A. Vasylenko, 3 Nov 2025
PhaseBO couples Bayesian optimization (BO) with density functional theory (DFT)–based crystal structure prediction (CSP) to accelerate the discovery of stable inorganic compositions.
CSP acts as a computational “experiment” assessing each candidate composition’s stability, while BO actively selects the next compositions to evaluate, guided by the evolving energy–composition landscape.
This closed-loop strategy reduces the number of required DFT calculations by up to 50% compared to random or clustering-based exploration, enabling faster and more efficient mapping of complex chemical phase fields.
This repository accompanies the publication:
A. Vasylenko et al., “Inferring energy–composition relationships with Bayesian optimization enhances exploration of inorganic materials,” J. Chem. Phys. 160, 054110 (2024).
The framework can be extended to incorporate custom kernels and acquisition functions for domain-specific active learning in materials discovery.
PhaseBO infers energy–composition relationships within a defined phase field and identifies new, promising compositions for further CSP or synthesis.
It leverages the GPyOpt Bayesian optimization framework and extends it to the materials-discovery context by integrating:
- Composition-aware candidate generation and exclusion rules
- Interface to total-energy datasets from DFT
- Configurable exploration and exploitation strategies for active learning in composition space
Three operational modes are available:
| Mode | Description |
|---|---|
'path' |
Reconstructs a “would-be” Bayesian optimization path for previously computed compositions in a phase field. |
'suggest' |
Suggests new candidate compositions for DFT/CSP based on prior evaluations. |
'generate' |
Generates an editable list of candidate compositions for use in later 'suggest' runs. |
- Python ≥ 3.9
numpy, pandas, pymatgen, scikit-learn, GPyOpt
(Installed automatically via pip install .)
pip install .-
Prepare a two-column
.csvfile containing compositions and their total energies.
Include at least reference compositions in the phase field. -
Modify
input_config.yamlto define atom types, oxidation states, and input file names. -
Run:
python -m phasebo
By default, this uses
input_config.yaml, or specify a custom configuration:python -m phasebo --config path/to/my_config.yaml
Example outputs are provided in the example/ directory.

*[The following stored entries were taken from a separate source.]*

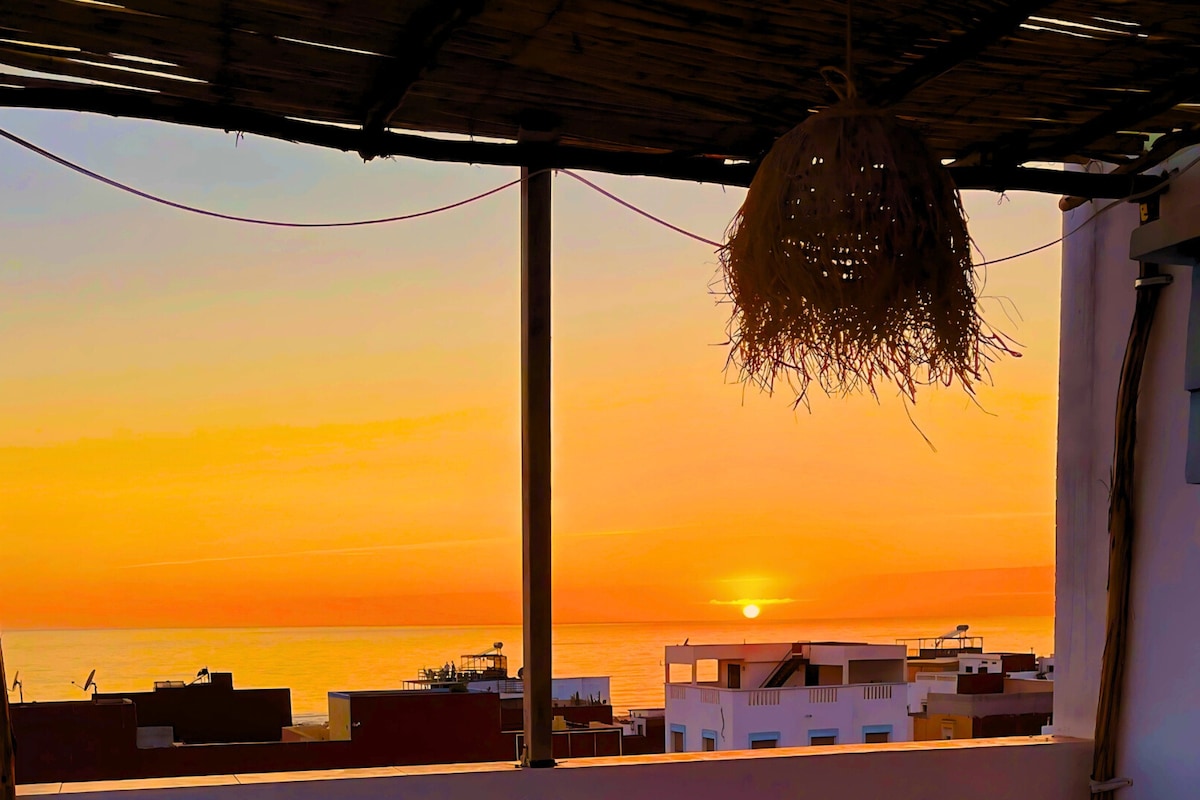 This bright apartment combines authentic Moroccan style with modern comfort. Large windows open to breathtaking views of the ocean , the perfect spot for your morning coffee or sunset relaxation. Inside: -A cozy double bed -A stylish salon with sofa & TV -A fully equipped kitchen with fridge -Private bathroom with shower -Free High-speed Wi-Fi Perfect for both vacations and remote work. Breakfast is served on the rooftop terrace, the perfect spot to start your day with a beautiful ocean view.
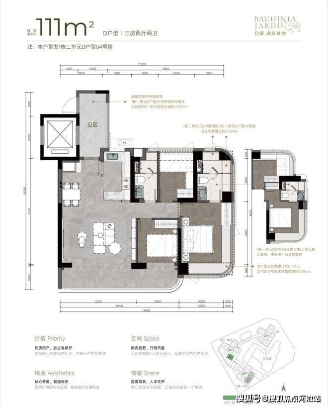 『湾啟紫荆府』项目为带精装修交付,居家必备的家具、家电、设施都是交付即拥有,营销中心设置有111㎡-121㎡-142㎡三个展示样板房,具体精装修交付标准及样板房创意展示空间可参考下图:
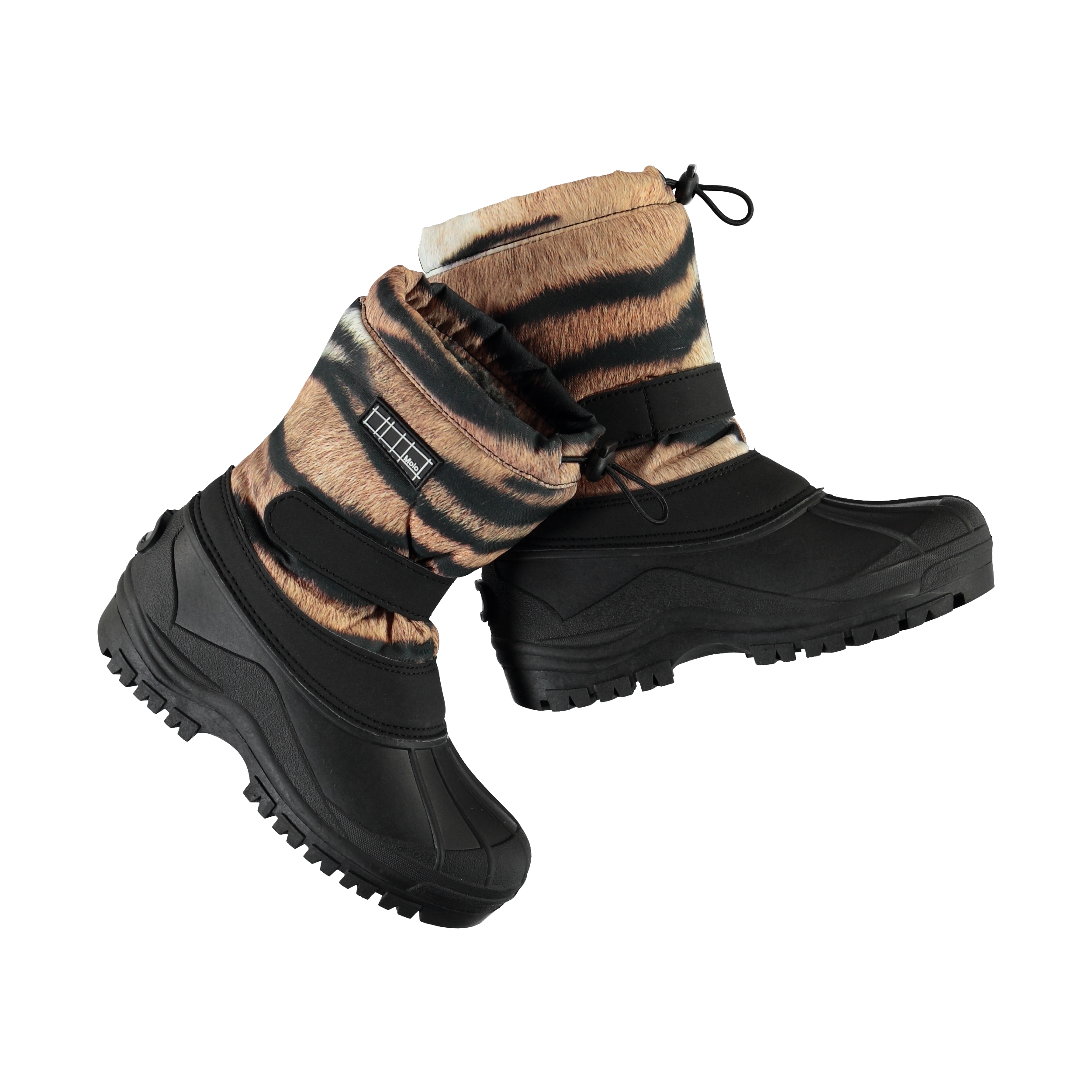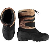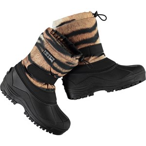 Vinterstövlar med reglerbar knäppning. Sula i mjuk gummi och skaft i funktionell polyester. Stövlarna är i Molos tigertryck. Sula samt skaft är vattentäta. Stövlarna har en kraftig, borttagbar innersocka i polyester, som gör stövlarna användbara i såväl kalla som varma perioder.Produkten har en vattenavvisande PFC-fri impregnering (innehåller ej PFOS, PFOA eller liknande). Vattenpelare: 10.000 mm. Andningsförmåga: 8.000 g/m2/24t.

| Parameter | Description |
|---|---|
mode |
('suggest') Operation mode ('path', 'suggest', 'generate'). |
inputfile |
(LiSnSCl_700eV.csv) CSV file with compositions and total energies. |
compositionfile |
Optional list of candidate formulas to restrict exploration. |
excludefile |
Optional list of compositions to exclude from convex-hull and candidate generation. |
ions |
({'Li':1, 'Sn':4, 'S':-2, 'Cl':-1}) Dictionary of elements and oxidation states. |
seeds_type |
('random') Strategy for selecting initial seeds ('segmented' or 'random'). |
disect |
(4) Number of phase-field segments for 'segmented' seeding. |
N_atom |
(24) Maximum number of atoms per unit cell. |
max_iter |
(10) Number of BO iterations. |
A default run using input_config.yaml produces outputs in the example/ folder.
If you use this code, please cite:
A. Vasylenko et al., “Inferring energy–composition relationships with Bayesian optimization enhances exploration of inorganic materials,” J. Chem. Phys. 160, 054110 (2024).
and also:
The GPyOpt authors, GPyOpt: A Bayesian Optimization framework in Python (2016). https://github.com/SheffieldML/GPyOpt
phasebo/
│
├── phasebo/ # Core package
│ ├── __init__.py
│ ├── main.py
│ ├── utils.py
│ └── ...
├── example/ # Example datasets and results
├── input_config.yaml
├── setup.py
└── README.md
MIT License © 2025 Andrij Vasylenko
Includes adapted components from GPyOpt (MIT License).